Time inefficiencies¶

ARAP¶

1) In the constructor of the arap class, calculating m_solver.compute(m_transpose * m_transpose.transpose()) could be time consuming if the matrix is large. This computation is performed whenever an instance of the arap class is created, but it does not depend on any input parameters. If the m_transpose matrix is constant for all instances, this calculation can be moved out of the constructor and performed only once.

2) In the arap::difference_matrix method, the for (auto edge : *edges) loop iterates over all edges, but uses the operation ret.row(idx++) = this_pos - Eigen::Vector3d(get_position(edge.end));, which could be very time-consuming if the number of edges is large. One improvement could be to pre-allocate the ret matrix with the correct size before looping and then assign values directly to the rows using indexing, for example.

3) In the arap::dynamic_right_side and arap::fixed_variables methods, the for loop (auto edge : *edges) iterates over all edges for each vertex. Instead of reloading the edges for each vertex, it might be more efficient to load the edges once outside the loop and reuse them inside the loop.

PBD¶

1) In the pbd::init method, the scenario and attachment arrays are used to map the scenario and attachment strategy indices to the corresponding member function indices. However, these arrays are created and initialized each time the init method is called. For efficiency, these fields can be moved outside the method and declared as static or global variables to avoid unnecessary creation and initialization.

2) The pbd::get_graph method simply returns the member variable m_graph. If the get_graph method is called frequently, it would be more efficient to access the member variable directly rather than creating a method.

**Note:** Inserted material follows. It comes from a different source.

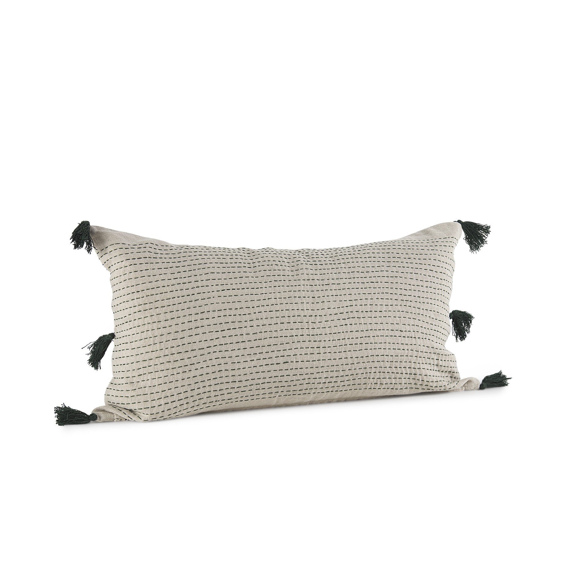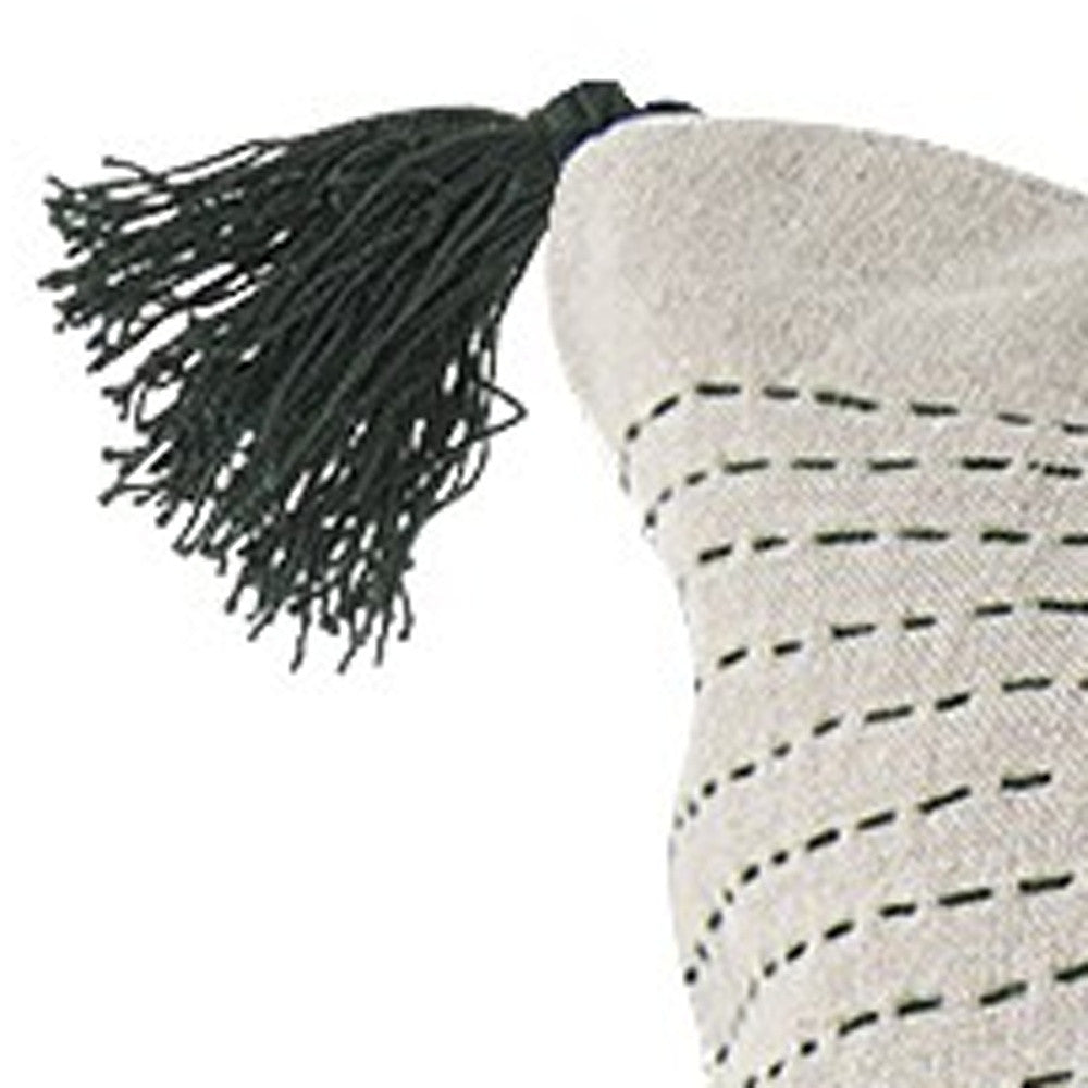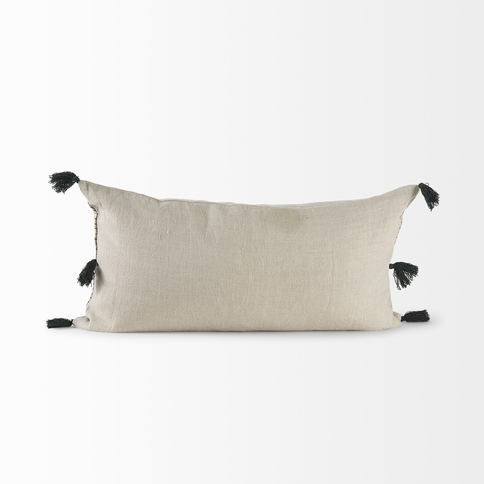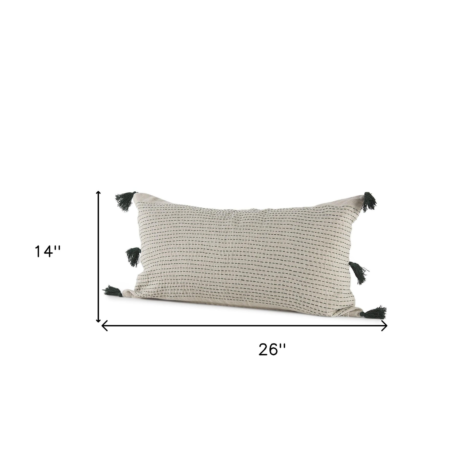 With this Beige and Dark Green Dotted Lumbar Pillow Cover you can add the perfect finishing touch to your couch. This pillow cover is made highly durable and soft linen material that provides comfort beyond measure and has a beige background with dotted details running in horizontal lines all over. There are three tassels on either side of the cushion cover. The back has a zip closure that ensures your cushion stays in there securely. The neutral color palette will look great on top of any couch, bed or chair you have and go with any interior style you have in your home. This cushion cover shape is also great for extra back support. 14" H x 26" W x 1" D

3) In the pbd::execute method, there is a loop for (size_t a = m_start; a < m_end; a++) that iterates through the muscle nodes. Inside the loop, the force applied to each node is set using double* f = m_graph->node(a).get_force();. This involves retrieving a force pointer for each node in the graph, which could be inefficient -- if retrieving the force involves complex computations or memory access patterns.

4) In the pbd::execute method, the grav variable is calculated using double\ grav = std::pow(10, m_gravity) - 1;. This calculation involves a power function and subtraction. If the value of m_gravity remains constant during the execution of the execute method -- precomputing this value outside the loop might be more time efficient.

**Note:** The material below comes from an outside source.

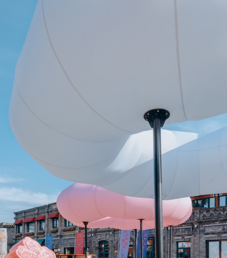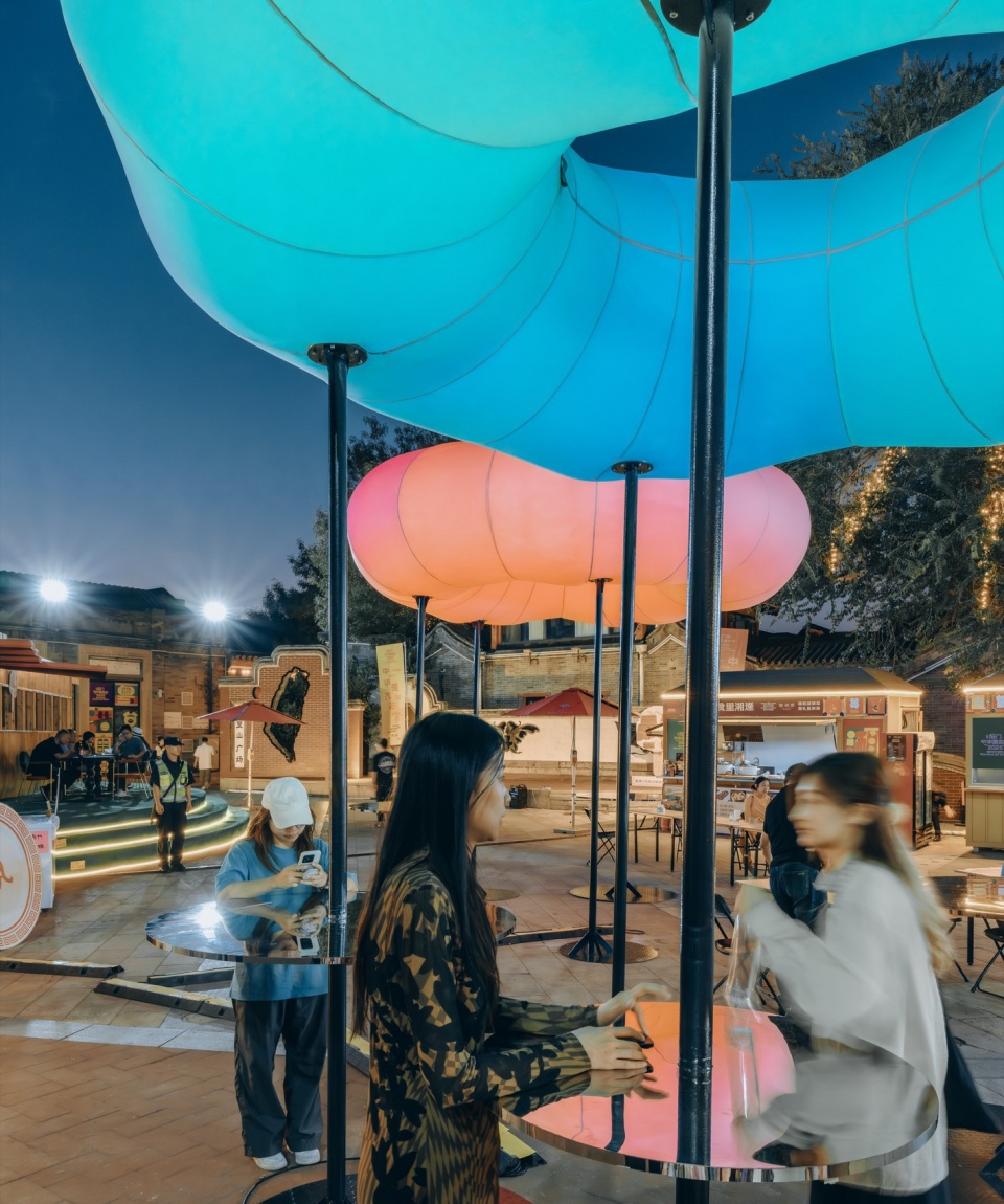 By day, the air membranes stretch like clouds, offering shade and shelter; by night, colorful lights flow, mimicking the oily sheen of Jiaoquan floating in the darkness, creating a poetic realm where taste and light intertwine.

5) In the laplacianSmoothing function -- The code allocates a new smoothed_pos array for each vertex in the muscle model. This allocation is done inside an inner loop, which can be expensive in terms of memory allocation and deallocation. It would be more efficient to allocate the array once before looping and reuse it.

6) The applyLaplacianSmoothing function is called for each vertex inside the outer loop. Instead of applying smoothing to each vertex separately, it would be more efficient to collect the smoothed positions for all vertices and then update them together outside the loop.

There are several loops in the PBD class where parallelization can potentially be used to increase performance. These loops include iterations over vertices, collisions, muscle models, and triangles. By parallelizing these loops, multiple iterations can be executed simultaneously, leveraging the power of multi-core processors and potentially reducing overall execution time. Using parallelization techniques, these loops can be executed in parallel, potentially increasing performance and reducing overall computation time. However, when parallelizing code, it is important to ensure proper synchronization and data sharing mechanisms to avoid race conditions and maintain data consistency.

Graph¶

1) In the constructor of the graph class, memory is allocated for different fields (m_arr, m_collision, m_volume, m_polys, m_poly_neighbours, m_normals). However, memory allocation is done using the new operator, which can be slow for large blocks of memory. Better results would be possible using more efficient memory allocation techniques such as std::vector or memory pooling.

2) Volume calculation -- The calc_volume method calculates the volume of the model by iterating over all triangles and performing vector calculations. However, the implementation could be optimized by using a more efficient volume calculation algorithm, such as Shoelace's formula or the divergence theorem.

3) The generate_collision_detection function checks whether m_collision[part] is null and allocates memory using new if necessary. Using an intelligent pointer (e.g. std::unique_ptr) to automatically manage memory allocation and deallocation might be more efficient. Additionally, it can help avoid memory leaks and improve code safety.

4) Using a vector function instead of regular loops could also lead to better performance: the update_normal function performs calculations over individual array elements using regular for loops. To perform these calculations more efficiently, you could use a function from the <algorithm> or <numeric> library, such as std::transform.

5) The code uses arrays and vectors to store data. However, using more appropriate data structures such as std::unordered_map, std::unordered_set or std::set might be more time efficient. These data structures can provide faster lookups and eliminate the need for manual searching or hashing.

6) The log_of_int function can be simplified and optimized. Instead of looping and shifting to the right, the std::log2 function can be used to calculate the binary logarithm.

7) In the update_stiffness function, the get_edges function is called repeatedly in a loop for each node. It would be more efficient to call it once before looping and store the result in a local variable.